**TASK ITEM**
Please give back, exactly as written, the lines from the line with "Конкурс этот очень" to the line with "Decorative marble bowl" in the listing below, leaving out all pictures.

**EXERCISE DATA**
__________

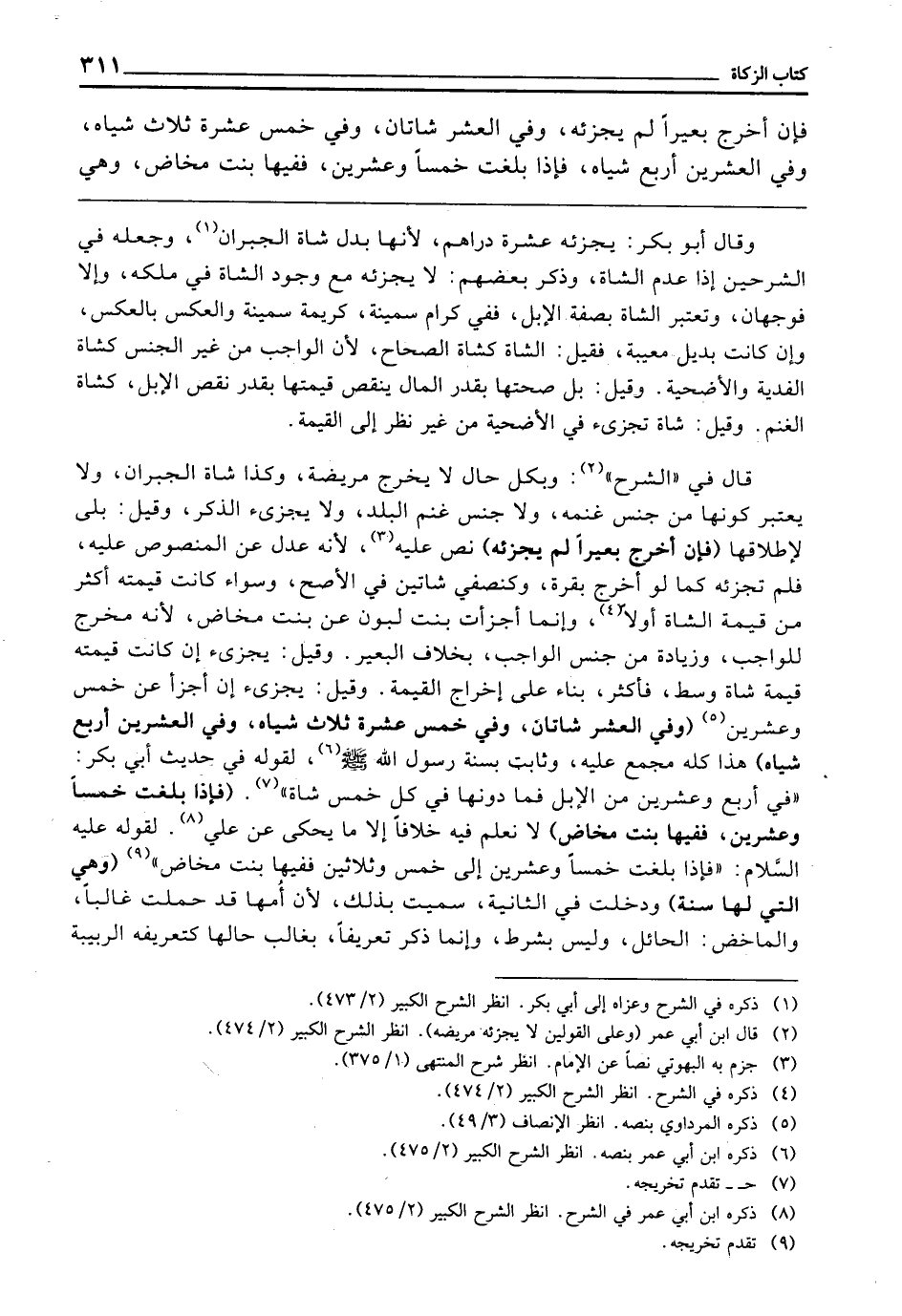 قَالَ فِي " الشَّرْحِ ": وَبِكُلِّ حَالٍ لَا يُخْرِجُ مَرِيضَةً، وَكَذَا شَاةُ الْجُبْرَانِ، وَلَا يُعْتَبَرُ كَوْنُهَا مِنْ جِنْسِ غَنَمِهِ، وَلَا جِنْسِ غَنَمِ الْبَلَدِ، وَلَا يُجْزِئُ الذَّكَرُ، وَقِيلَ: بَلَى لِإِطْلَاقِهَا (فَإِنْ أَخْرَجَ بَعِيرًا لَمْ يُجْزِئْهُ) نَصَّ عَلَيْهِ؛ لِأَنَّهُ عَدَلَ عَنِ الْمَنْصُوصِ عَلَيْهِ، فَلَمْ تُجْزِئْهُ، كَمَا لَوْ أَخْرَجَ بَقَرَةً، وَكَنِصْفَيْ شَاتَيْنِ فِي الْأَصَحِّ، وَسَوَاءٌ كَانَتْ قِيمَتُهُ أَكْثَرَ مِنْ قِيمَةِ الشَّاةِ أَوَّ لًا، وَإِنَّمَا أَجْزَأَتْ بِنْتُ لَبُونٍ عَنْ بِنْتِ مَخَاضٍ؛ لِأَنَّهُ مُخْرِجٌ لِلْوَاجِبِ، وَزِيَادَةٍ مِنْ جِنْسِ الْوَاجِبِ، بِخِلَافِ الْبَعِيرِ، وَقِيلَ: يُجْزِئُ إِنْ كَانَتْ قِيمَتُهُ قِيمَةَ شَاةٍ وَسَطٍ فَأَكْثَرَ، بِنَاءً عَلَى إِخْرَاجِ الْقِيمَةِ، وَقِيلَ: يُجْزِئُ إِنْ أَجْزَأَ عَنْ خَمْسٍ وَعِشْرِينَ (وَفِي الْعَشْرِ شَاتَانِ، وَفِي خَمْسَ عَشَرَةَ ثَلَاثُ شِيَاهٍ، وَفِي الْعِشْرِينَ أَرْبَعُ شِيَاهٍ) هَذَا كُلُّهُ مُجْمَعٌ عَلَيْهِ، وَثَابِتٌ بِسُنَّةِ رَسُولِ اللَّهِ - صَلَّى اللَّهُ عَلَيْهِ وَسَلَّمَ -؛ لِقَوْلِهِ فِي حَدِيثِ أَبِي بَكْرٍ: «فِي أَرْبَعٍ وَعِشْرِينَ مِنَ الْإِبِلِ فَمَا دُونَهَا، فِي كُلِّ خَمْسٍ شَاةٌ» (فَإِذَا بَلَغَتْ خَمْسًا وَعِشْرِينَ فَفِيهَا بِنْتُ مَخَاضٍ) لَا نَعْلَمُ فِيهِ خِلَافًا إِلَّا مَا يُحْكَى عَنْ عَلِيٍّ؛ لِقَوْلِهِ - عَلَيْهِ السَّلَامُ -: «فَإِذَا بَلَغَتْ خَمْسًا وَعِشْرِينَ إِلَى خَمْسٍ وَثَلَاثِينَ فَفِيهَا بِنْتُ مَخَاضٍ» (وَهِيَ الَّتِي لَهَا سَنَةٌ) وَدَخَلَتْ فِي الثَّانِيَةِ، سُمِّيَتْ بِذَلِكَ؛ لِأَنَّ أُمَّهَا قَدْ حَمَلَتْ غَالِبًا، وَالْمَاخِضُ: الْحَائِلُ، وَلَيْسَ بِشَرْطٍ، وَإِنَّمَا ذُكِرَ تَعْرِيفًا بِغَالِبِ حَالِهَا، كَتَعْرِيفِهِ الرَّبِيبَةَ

__________

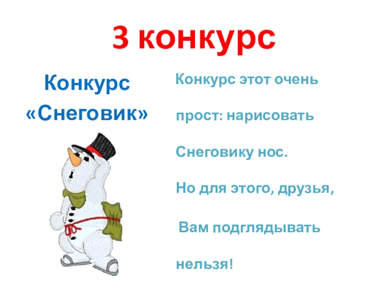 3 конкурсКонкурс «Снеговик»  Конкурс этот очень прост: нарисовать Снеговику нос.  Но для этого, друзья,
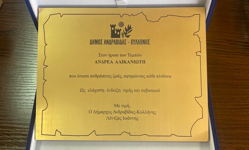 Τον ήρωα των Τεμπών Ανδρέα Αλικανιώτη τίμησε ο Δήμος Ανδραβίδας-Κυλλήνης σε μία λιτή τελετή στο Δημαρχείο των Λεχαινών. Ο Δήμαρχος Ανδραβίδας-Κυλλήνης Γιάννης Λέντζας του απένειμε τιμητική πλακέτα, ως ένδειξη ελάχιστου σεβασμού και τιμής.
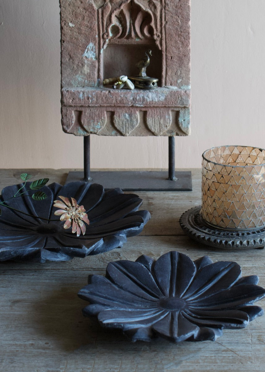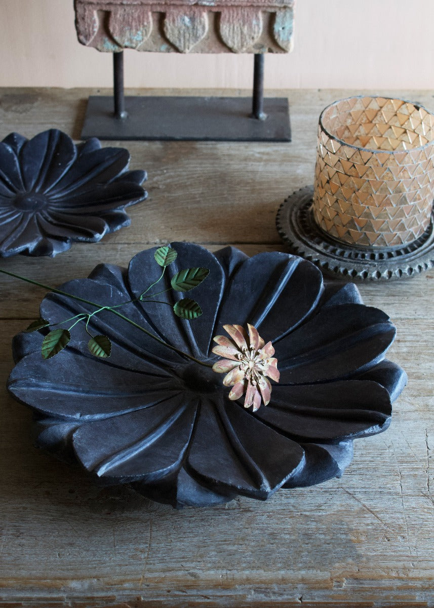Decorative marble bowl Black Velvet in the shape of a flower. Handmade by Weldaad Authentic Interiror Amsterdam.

__________

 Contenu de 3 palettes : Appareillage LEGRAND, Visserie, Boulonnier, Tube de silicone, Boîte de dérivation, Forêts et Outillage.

__________

**TASK RESPONSE**
 3 конкурсКонкурс «Снеговик»  Конкурс этот очень прост: нарисовать Снеговику нос.  Но для этого, друзья,
 Τον ήρωα των Τεμπών Ανδρέα Αλικανιώτη τίμησε ο Δήμος Ανδραβίδας-Κυλλήνης σε μία λιτή τελετή στο Δημαρχείο των Λεχαινών. Ο Δήμαρχος Ανδραβίδας-Κυλλήνης Γιάννης Λέντζας του απένειμε τιμητική πλακέτα, ως ένδειξη ελάχιστου σεβασμού και τιμής.
Decorative marble bowl Black Velvet in the shape of a flower. Handmade by Weldaad Authentic Interiror Amsterdam.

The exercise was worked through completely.